In the previous exercises, we used a quantitative predictor in our linear regression, but it’s important to note that we can also use categorical predictors. The simplest case of a categorical predictor is a binary variable (only two categories).
For example, suppose we surveyed 100 adults and asked them to report their height in cm and whether or not they play basketball. We’ve coded the variable bball_player
so that it is equal to 1
if the person plays basketball and 0
if they do not. A plot of height
vs. bball_player
is below:
We see that people who play basketball tend to be taller than people who do not. Just like before, we can draw a line to fit these points. Take a moment to think about what that line might look like!
You might have guessed (correctly!) that the best fit line for this plot is the one that goes through the mean height for each group. To re-create the scatter plot with the best fit line, we could use the following code:
# Calculate group means print(data.groupby('play_bball').mean().height)
Output:
play_bball | |
---|---|
0 | 169.016 |
1 | 183.644 |
# Create scatter plot plt.scatter(data.play_bball, data.height) # Add the line using calculated group means plt.plot([0,1], [169.016, 183.644]) # Show the plot plt.show()

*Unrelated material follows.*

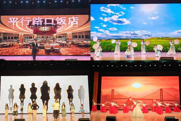 学院党委书记付光玺深情献上《草原上升起不落的太阳》,深切表达了对学院高质量发展的殷殷期望;歌伴舞《逐梦》勾勒出青春追梦者的炽烈情怀;情景剧《平行路口饭店》通过时空叠影的戏剧架构,启示学子们要珍惜当下;朗诵《食光·启程》声声入耳,满载昔日回忆,引领师生坚定信心踏向未来;古典舞《采茶》以翩跹流转的水袖,在虚实相生的舞步中勾勒茶山云雾,千年茶韵随裙裾翻飞绵延不息;情景歌曲串烧《光影交织·伴你“童”行》运用蒙太奇叙事,童声清唱与光影装置碰撞出穿越时空的温情记忆;青春舞蹈《再次重逢的世界》以迸发式舞步解构重组空间,肢体碰撞间迸射出重逢的悸动与希冀;歌伴舞《万疆》借唯美大气的词曲和舞蹈,抒发了食院学子质朴真挚的爱国情怀。最后,晚会在师生代表合唱《唱支山歌给党听》的赤子之声中缓缓落幕。
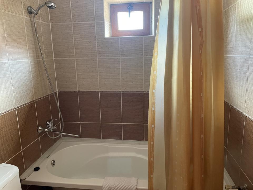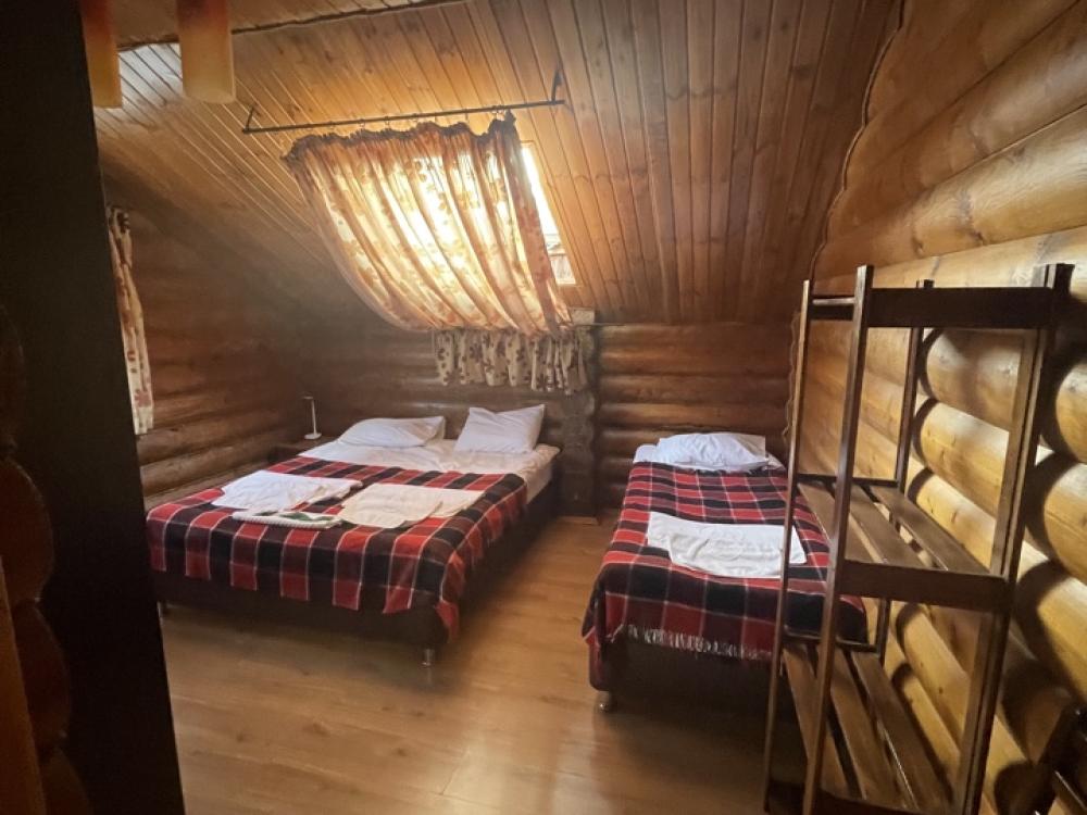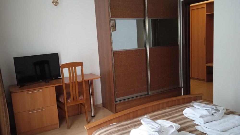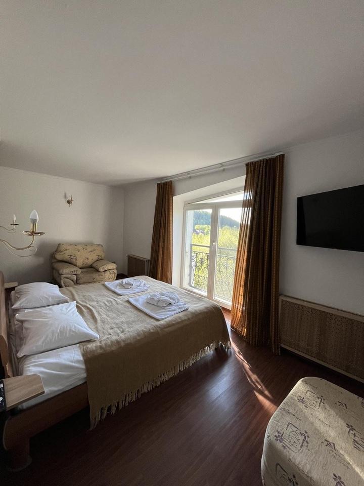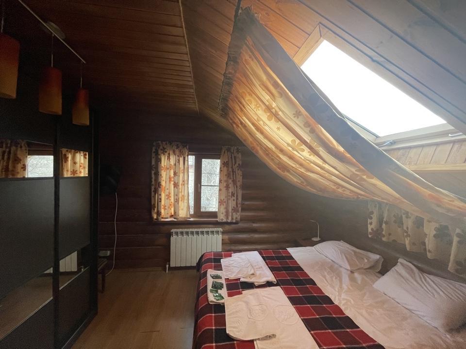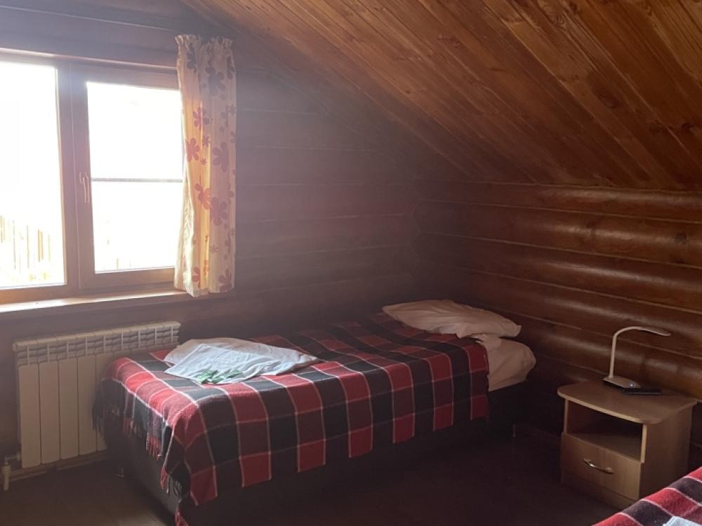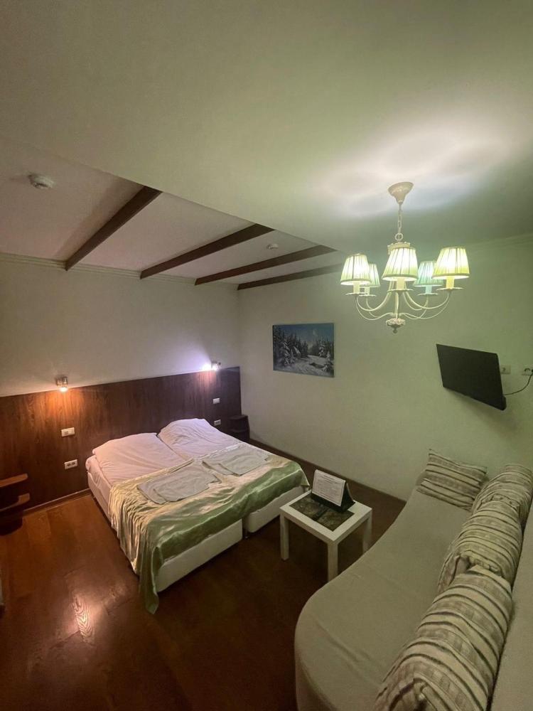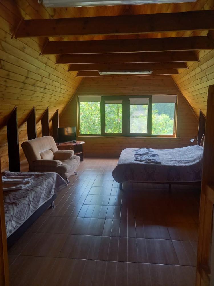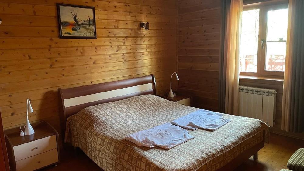1 комната, две полуторки + диван, ТВ, сан. узел с ванной. Кондиционер отсутствует.Либо кровать , диван и полуторка, номер шале. Красивый вид из окна на лес и горы. Собственный вход.

This will output the following plot (without the additional labels or colors):
Instructions
Using the dataset students
(which has been loaded for you in script.py), plot a scatter plot of score
(y-axis) against breakfast
(x-axis) to see scores for students who did and did not eat breakfast.
Code has been provided for you in script.py to calculate the mean test score for students who ate breakfast and the mean score for students who did not eat breakfast. Use these numbers to plot the best-fit line on top of the scatter plot.